One firm, Greenwich International Private Ltd, was created in August 2024, weeks after Hasina’s fall. Hazel International Private Ltd, incorporated in 2019 under Alam’s name, declared capital of $350,000.
In Jersey, Alam and his wife, Farzana Parveen, are joint settlers of six trusts owning two five-star hotels valued at $210 million. In Turkey, at least 10 premium bank accounts were found under the names of Alam’s brothers. The UAE probe uncovered six luxury villas worth $350,000-$1.8 million, plus two land plots valued at $4 million, in the name of Belal Ahmed, Alam’s son-in-law.
Ashraful Alam, the chairman’s son, owns a $7 million villa in the Isle of Man, listed as a gift from his mother. Belal Ahmed also bought Antigua and Barbuda citizenship via a $100,000 contribution to its National Development Fund, paid from a Canadian bank account.
S. Alam’s rise was fueled by aggressive acquisitions, irregular financial practices, and deep encroachment into the banking sector. His grip began with Islami Bank, seized on January 5, 2017, when military intelligence operatives forced out top executives and installed loyalists.
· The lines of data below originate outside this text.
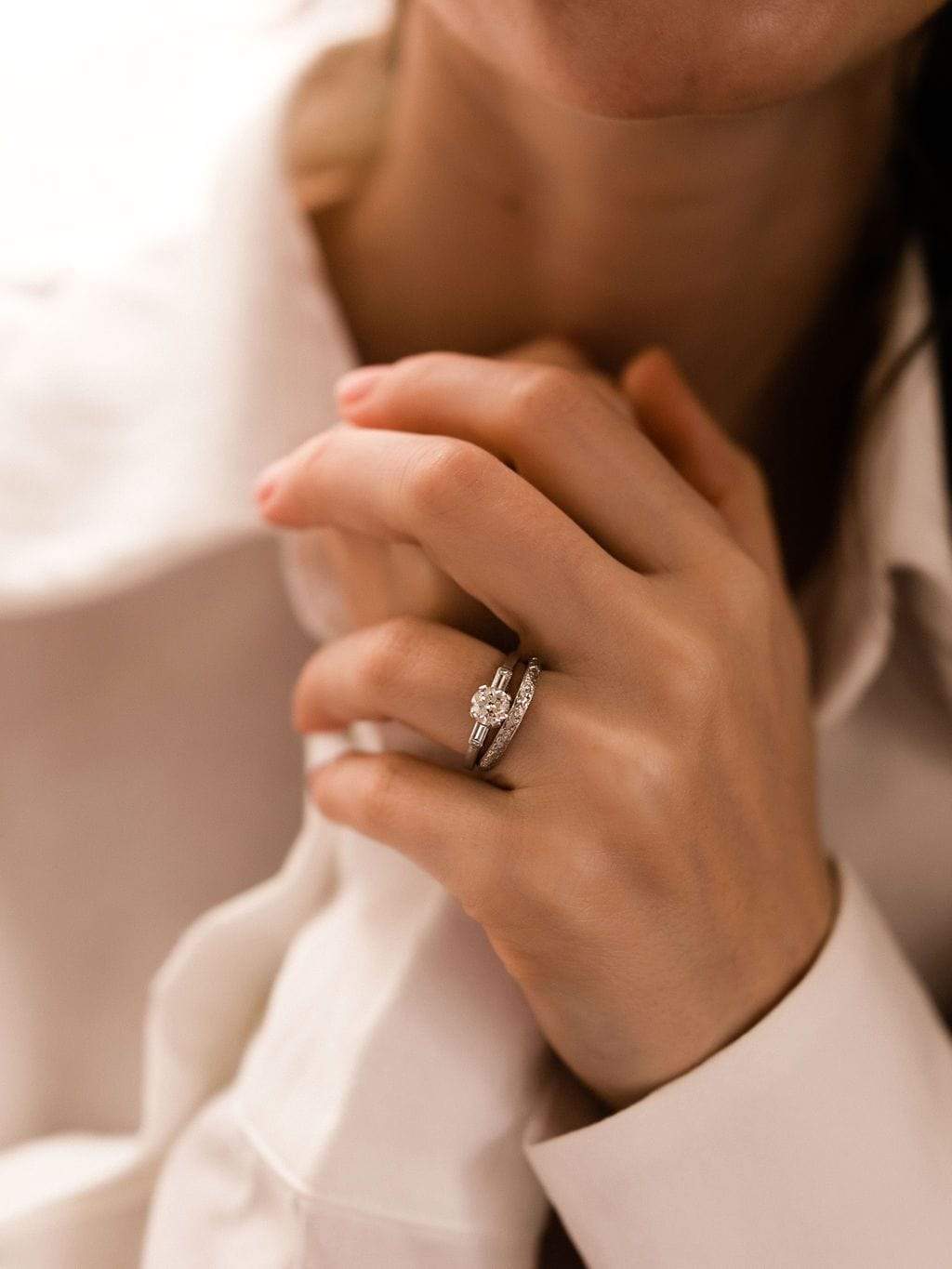 A clean and timeless style! High quality diamonds create a vibrant look and the linear themes lean an Art Deco vibe!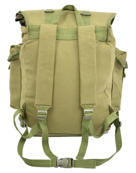 Gebirgsrucksack (neues Modell) als Nachbau wie er in der Deutschen Bundeswehr verwendet wurde, verstellbare und gepolsterte Tragegurte, verstellbarer und abnehmbarer Beckengurt, oben mit Tragegriff, Deckel mit 4 Kunststoff-D-Ringen und 2 Klickverschlüs- sen, flachem Einsteck- fach (z.B. für Iso-Matte),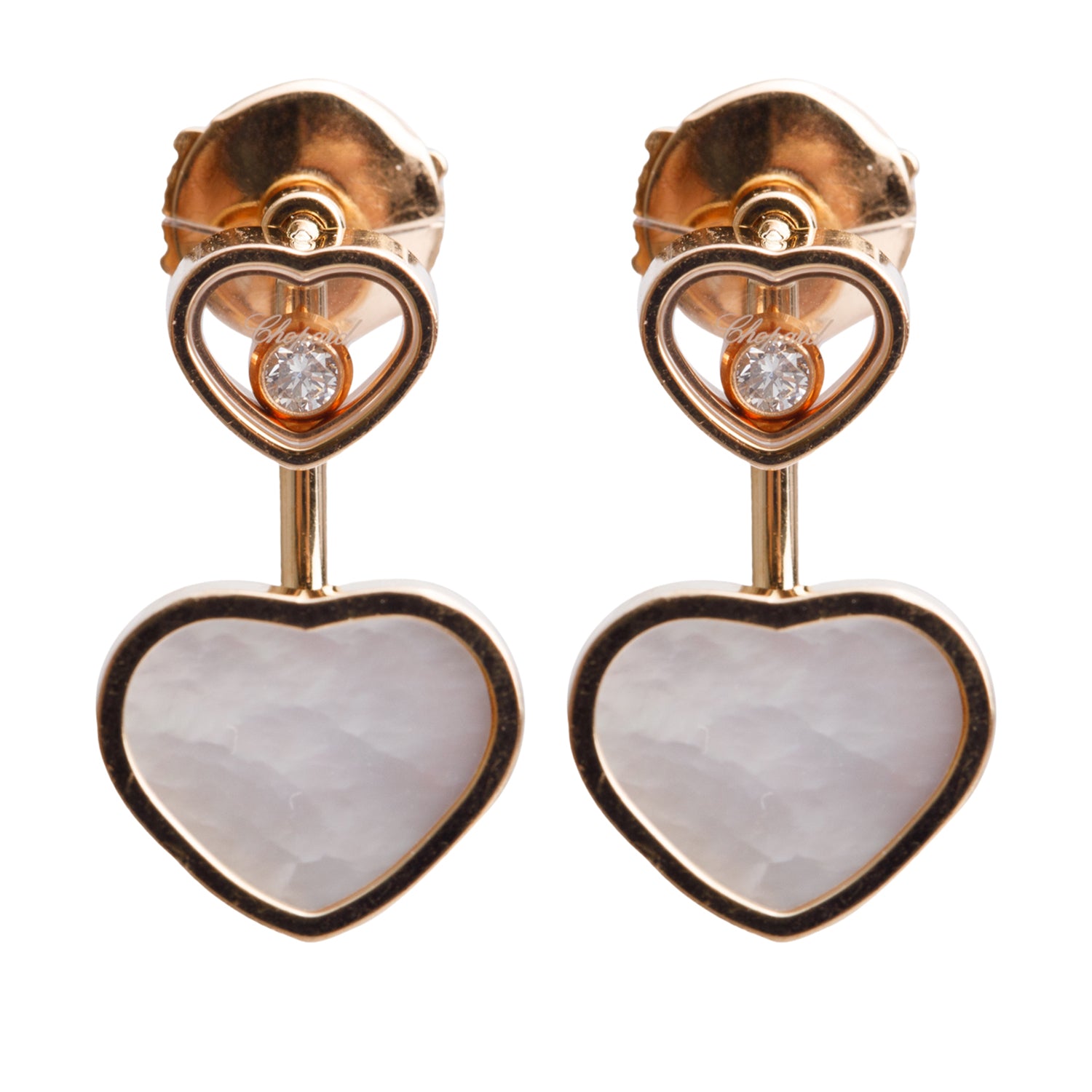 18k Rose Gold Diamond Happy Hearts Drop Earrings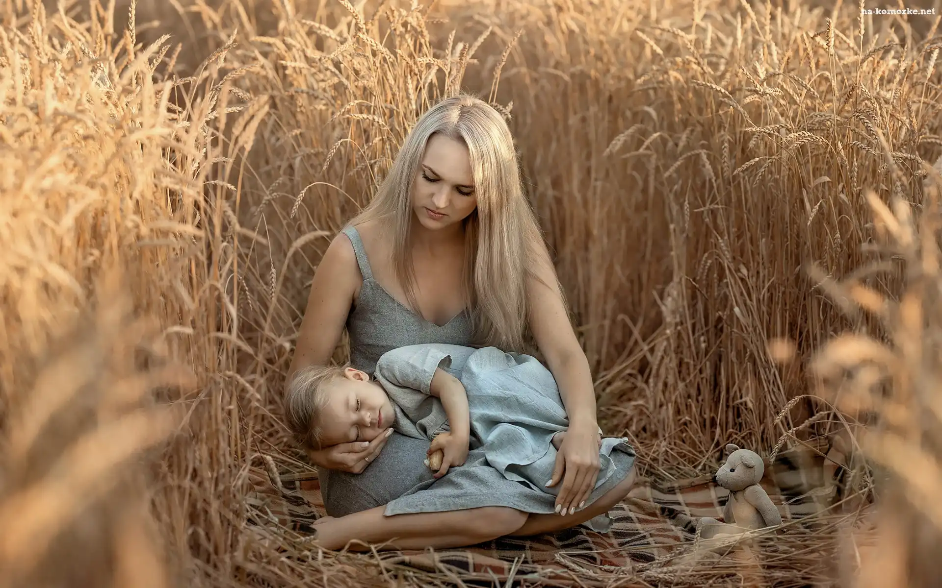 Pole, Matka, Córka, Zboże, Kobieta, Dziewczynka, Dziecko na Komórkę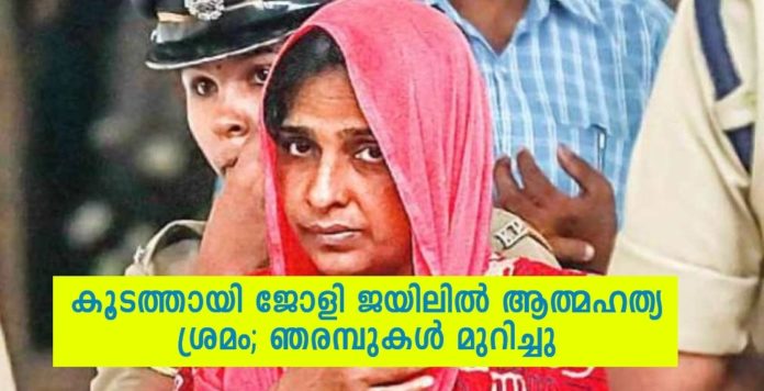 കൂടത്തായി കേസിലെ മുഖ്യപ്രതി ജോളി ജയിലിൽ ഞരമ്പുകൾ മുറിച്ച് ആത്മഹത്യക്ക് ശ്രമിച്ചു..!!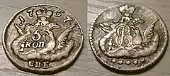 5 копеек 1790 года, (медь, вес 50-51 г., диаметр 40-42 мм). Монета чеканилась с 1762 по 1796 год.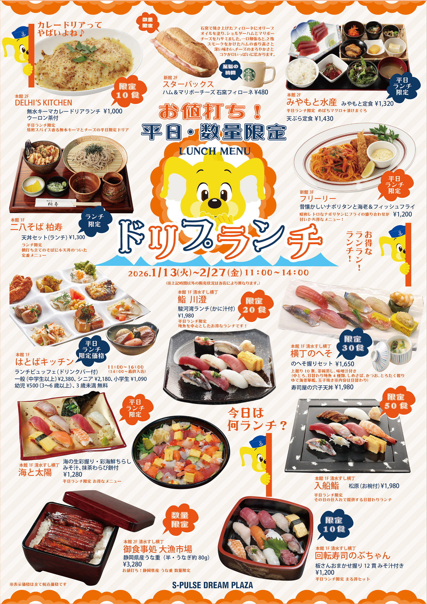 エスパルスドリームプラザでは、期間限定で“お得な平日ランチ”を実施中!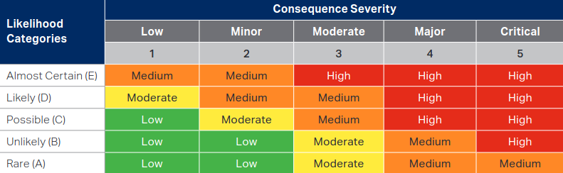 | Almost Certain (E) | Occurs 1 or more times per year |
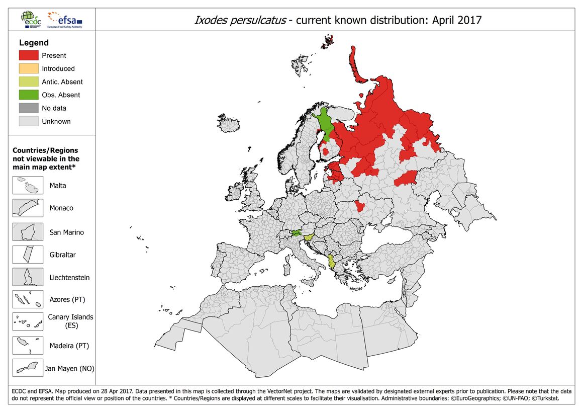 Ixodes persulcatus - current known distribution in Europe, April 2017

That same year, he took control of Social Islami Bank Ltd. after secretly acquiring nearly 50pc of its shares via 19 proxy firms-violating the Banking Companies Act.
The Anti-Corruption Commission (ACC) found fake loans and investments in relatives’ names, freezing family accounts to prevent money transfers. Since Hasina’s fall in August 2024, the ACC has filed two cases against Alam and his wife for owning over Tk 1,539 crore in illegal wealth, and sued two sons for allegedly embezzling nearly Tk 2,200 crore from Islami Bank.